Embodiment three: what present embodiment and embodiment two were different is: each node of described calculating is performed the method for the suspicious degree of state, is specially:

Calculate the suspicious degree suspicious_score of the associating dependence of each node:

suspicious_score (node) = \frac{P_{failed} (joint dependency)}{P_{passed} (joint dependency)} - - - (5)

Wherein, P _Passed(joint dependency) when carrying out correct test case, node node unites the dependence probability; P _Failed(joint dependency) when the execution error test case, node node unites the dependence probability.

Other step and parameter are identical with embodiment two.

Embodiment four: what present embodiment and embodiment three were different is: described node is corresponding to every in program statement.Other step and parameter are identical with embodiment three.

Embodiment five: what present embodiment and embodiment four were different is: described branch node is for corresponding to the selection in the program and loop statement.Other step and parameter are identical with embodiment four.

Claims

1. based on uniting the software error localization method that relies on probabilistic Modeling, it is characterized in that may further comprise the steps based on uniting the software error localization method that relies on probabilistic Modeling:

2. according to claim 1 based on uniting the software error localization method that relies on probabilistic Modeling, it is characterized in that described foundation unites the method that relies on probability model and be specially:

P (node) = \frac{n (node)}{n (para (node))} \times P (para (node)) - - - (1)

P(node)＝P(node(true))+P(node(false)) (2)

Wherein, described

P (node (false)) = \frac{n (node (false))}{n (node)} \times P (node) = \frac{n (node (false))}{n (node (true)) + n (node (false))} \times P (node)
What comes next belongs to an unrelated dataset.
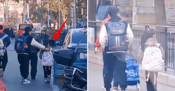 女孩獨自上學,媽媽追上時發現,女兒被高年級小哥哥一路護送,網讚:家教太好了

P (data dependency | state dependency) = \frac{n (node (state dependency, data dependency))}{n (node (state dependency))} - - - (3)

G, foundation associating dependence probability model

(2) S is that node is to the mapping of state;

(3) R be node unite the dependence probability.

3. according to claim 2 based on uniting the software error localization method that relies on probabilistic Modeling, it is characterized in that each node of described calculating is performed the method for the suspicious degree of state, is specially:

suspicious_score (node) = \frac{P_{failed} (joint dependency)}{P_{passed} (joint dependency)} - - - (5)

4. according to claim 3 based on uniting the software error localization method that relies on probabilistic Modeling, it is characterized in that described node is corresponding to every in program statement.

5. according to claim 4 based on uniting the software error localization method that relies on probabilistic Modeling, it is characterized in that described branch node is corresponding to the selection in the program and loop statement.